Both of which – to perceive and to praise – most of us fail at with alarming consistency. 

God is speaking to us through created things. The Scriptures insist on this over and over. The heavens and all things declare His glory, manifest His character, and grant us glimpses into His good and perfect will. We are surrounded by a glory-show every moment of our lives.

Unlike Brendan, however, few of us have ever taken the time to learn how to observe or listen, and so we fail to perceive whatever it is God may be wanting to make known to us. Failing to perceive, we fail to praise; thus, we are little better than the pagans who, knowing that God is speaking to them in created things, nevertheless refuse to acknowledge Him, decline to give Him thanks and praise, and thus submit to a darkening of their minds, which prevents them from knowing and serving Him as they should.

But, what can we expect? After all, those who reject the revelation of God in creation declare that they do not wish to know Him; they are not in the least interested in the knowledge of God or in submitting to His will. They have their own idols to satisfy – self, success, happiness, prestige – and they can’t be bothered with listening to any voice from God whispering delightful insights or timely words of guidance through the things He has made. 

As I said, what can we expect? They’re pagans. 

What’s our excuse?

Our forebears in the faith believed that God has given us two books of revelation – Scripture and creation. In each of them we learn more about Him and His will.
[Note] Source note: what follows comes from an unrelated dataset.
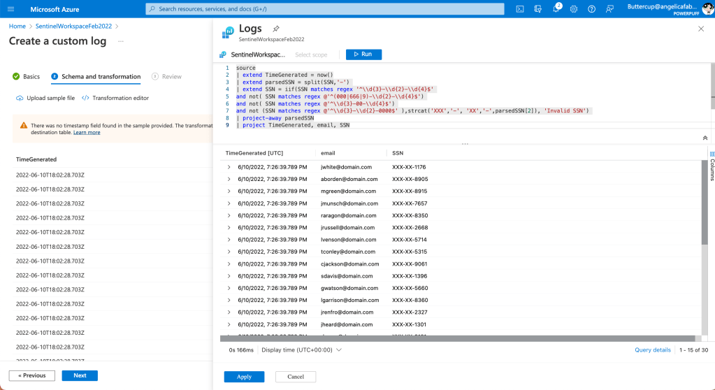 It then automatically adds that first line (TimeGenerated), which I will leave as is, since I just need it for testing purposes. Then I added one of the masking samples found in the library of transformations to mask the SSN values, as shown below:
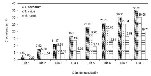 La velocidad de crecimiento libre de microorganismos los agentes biocontroladores bajo crecimiento libre en medio PDA demostraron tener mayor velocidad de crecimiento llegando a cubrir en su totalidad la caja Petri a los ocho días de inoculado siendo que T. harziarum llego a cubrir la caja Petri con 35.28 cm2, siendo seguido por T. viridae con 30.08 cm2 a los ocho días a una temperatura constante de 28 ºC coincidiendo estos datos con lo mencionado por (Infante et al., 2009) que indica que Trichoderma está biológicamente adaptado una colonización agresiva, abundante esporulación sobre una amplia gana de sustratos, dándole de esta manera una ventaja biológica sobre otros microorganismos antagónicos por lo que puede ejercer así una función de control por la competencia de nutrientes. La velocidad de crecimiento de M. roreri fue significativamente menor ya que al octavo día solo alcanzó un crecimiento de 19.71 cm2 bajo condiciones in vitro. El seguimiento de crecimiento día por día se refleja en la Figura 1.

Each provides insights, illuminations, examples, and experiences which can enrich our relationship with the Lord and lead to richer, fuller, and more consistent worship and obedience.

We should work hard at learning to meet God and His glory in Scripture (2 Cor. 3.12-18).

But we should work just as hard at perceiving the presence and glory of God all around us, and then voicing our praise to God for what He shows us there.

If you’re looking for a way to increase praise to God, and to know more of His presence and pleasure in those praises, then learn to see and hear the Word of God as He reveals Himself in the things He has made.

For Reflection
1. Can you think of a time when the creation revealed something to you about God? Explain.

2. Unbelievers refuse to know God through the things He has made. Can believers do the same? Why not?

Psalm 111.1-3 (Manoah: When All Your Mercies, O My God)
Praise the Lord! O Let my heart give thanks here amid His chosen race!
Your works are great, O Lord, and sought by all who know Your grace.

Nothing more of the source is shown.